* RECORD EXCERPTS:

********

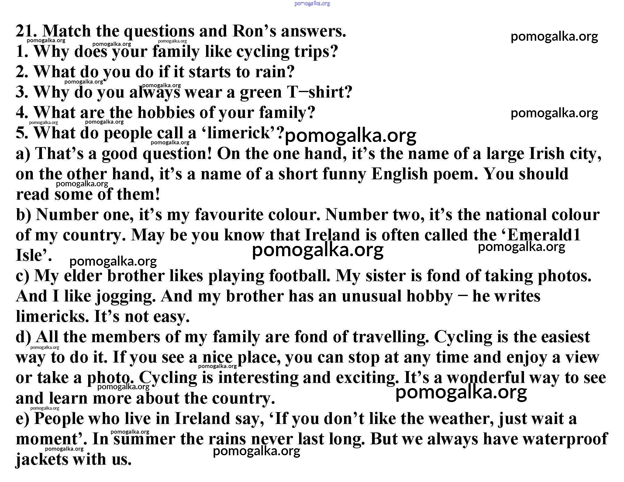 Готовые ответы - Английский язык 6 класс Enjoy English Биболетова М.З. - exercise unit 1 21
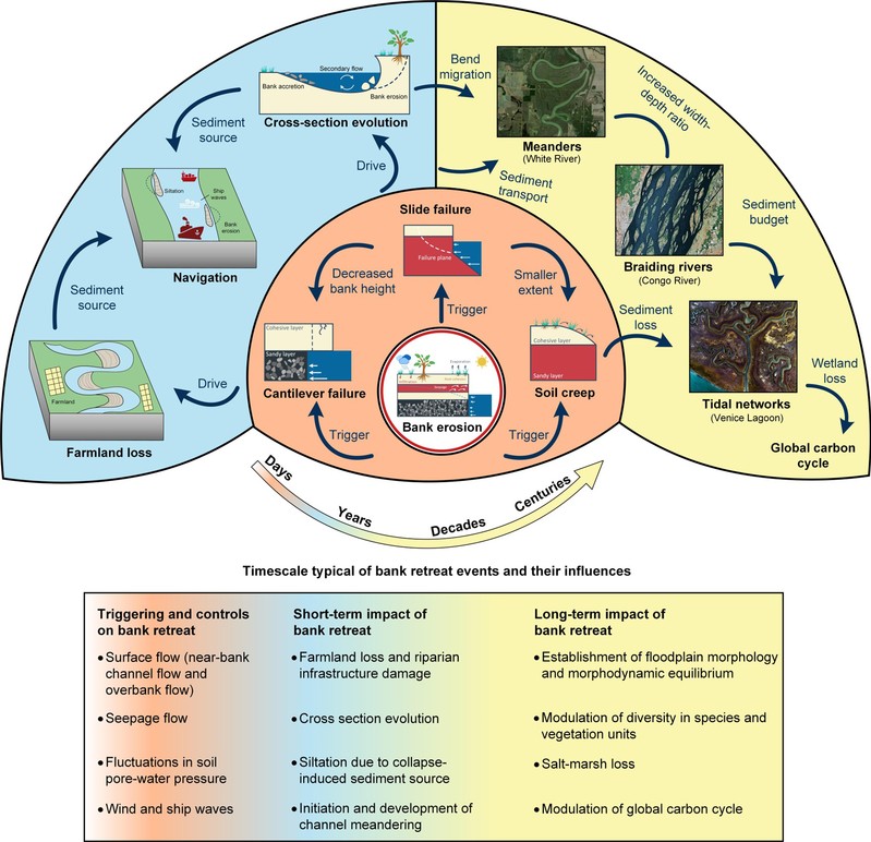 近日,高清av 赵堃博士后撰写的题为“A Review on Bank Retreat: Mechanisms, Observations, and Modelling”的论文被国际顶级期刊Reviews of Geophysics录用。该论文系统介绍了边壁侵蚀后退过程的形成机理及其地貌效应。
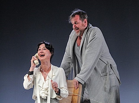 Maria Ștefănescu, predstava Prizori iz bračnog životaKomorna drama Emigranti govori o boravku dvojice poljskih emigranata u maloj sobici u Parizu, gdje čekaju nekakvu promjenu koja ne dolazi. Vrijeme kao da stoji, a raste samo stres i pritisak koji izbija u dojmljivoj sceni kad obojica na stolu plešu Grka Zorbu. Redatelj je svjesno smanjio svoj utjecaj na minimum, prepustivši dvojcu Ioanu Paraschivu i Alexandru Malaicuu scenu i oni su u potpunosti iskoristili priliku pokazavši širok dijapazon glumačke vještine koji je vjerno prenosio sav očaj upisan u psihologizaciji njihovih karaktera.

********

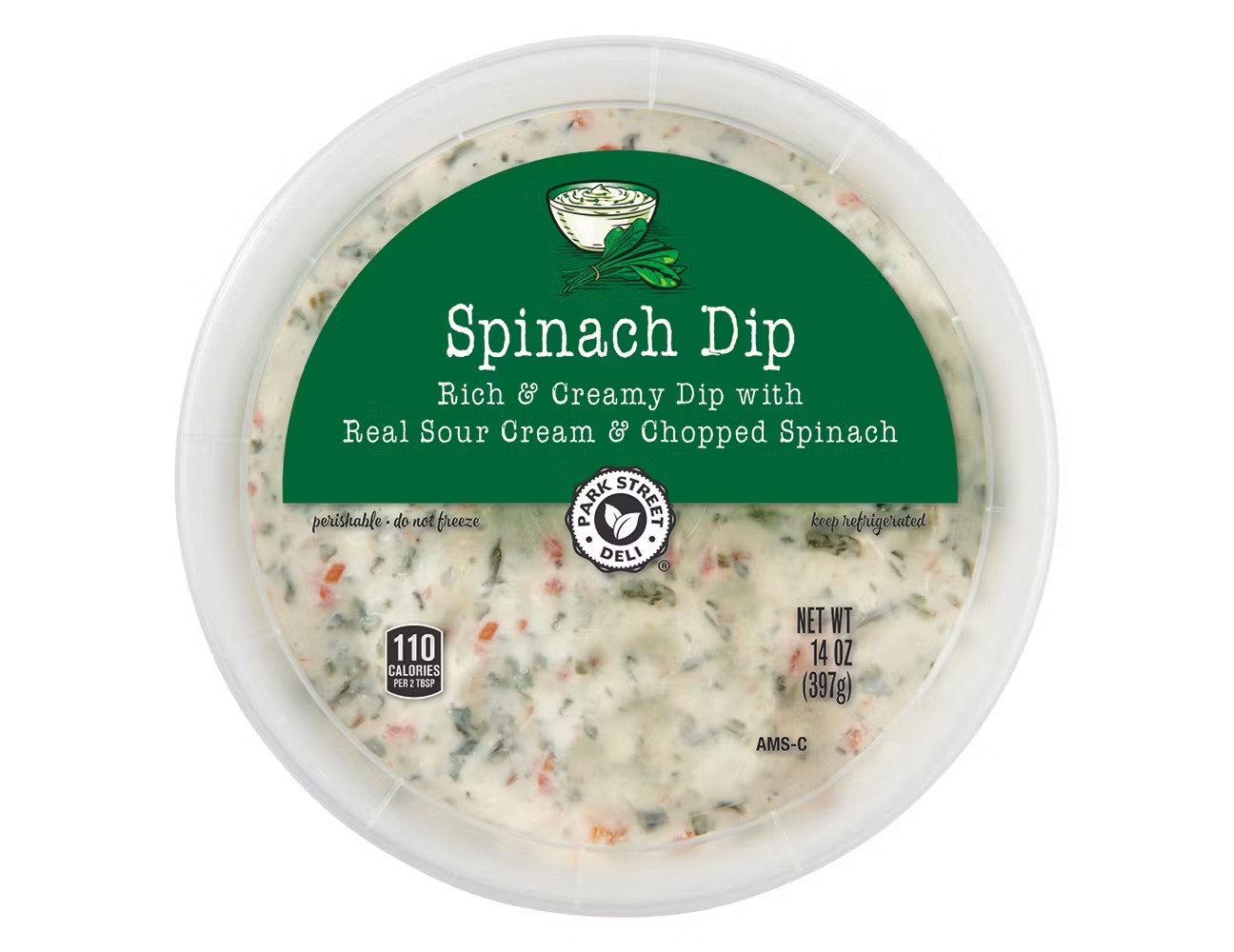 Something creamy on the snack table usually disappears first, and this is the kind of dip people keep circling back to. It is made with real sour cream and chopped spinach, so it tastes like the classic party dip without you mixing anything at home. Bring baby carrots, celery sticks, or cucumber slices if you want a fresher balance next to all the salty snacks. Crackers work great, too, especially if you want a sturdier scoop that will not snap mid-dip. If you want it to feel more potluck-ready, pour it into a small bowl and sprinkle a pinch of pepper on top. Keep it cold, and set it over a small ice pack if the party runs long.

********

* EXERCISE PROMPT: In the listing above, find the line containing "Готовые ответы - Английский" and the line containing "Review on Bank"; print those lines and every line between them exactly, leaving out pictures.

* RESPONSE TO THE TASK:
 Готовые ответы - Английский язык 6 класс Enjoy English Биболетова М.З. - exercise unit 1 21
 近日,高清av 赵堃博士后撰写的题为“A Review on Bank Retreat: Mechanisms, Observations, and Modelling”的论文被国际顶级期刊Reviews of Geophysics录用。该论文系统介绍了边壁侵蚀后退过程的形成机理及其地貌效应。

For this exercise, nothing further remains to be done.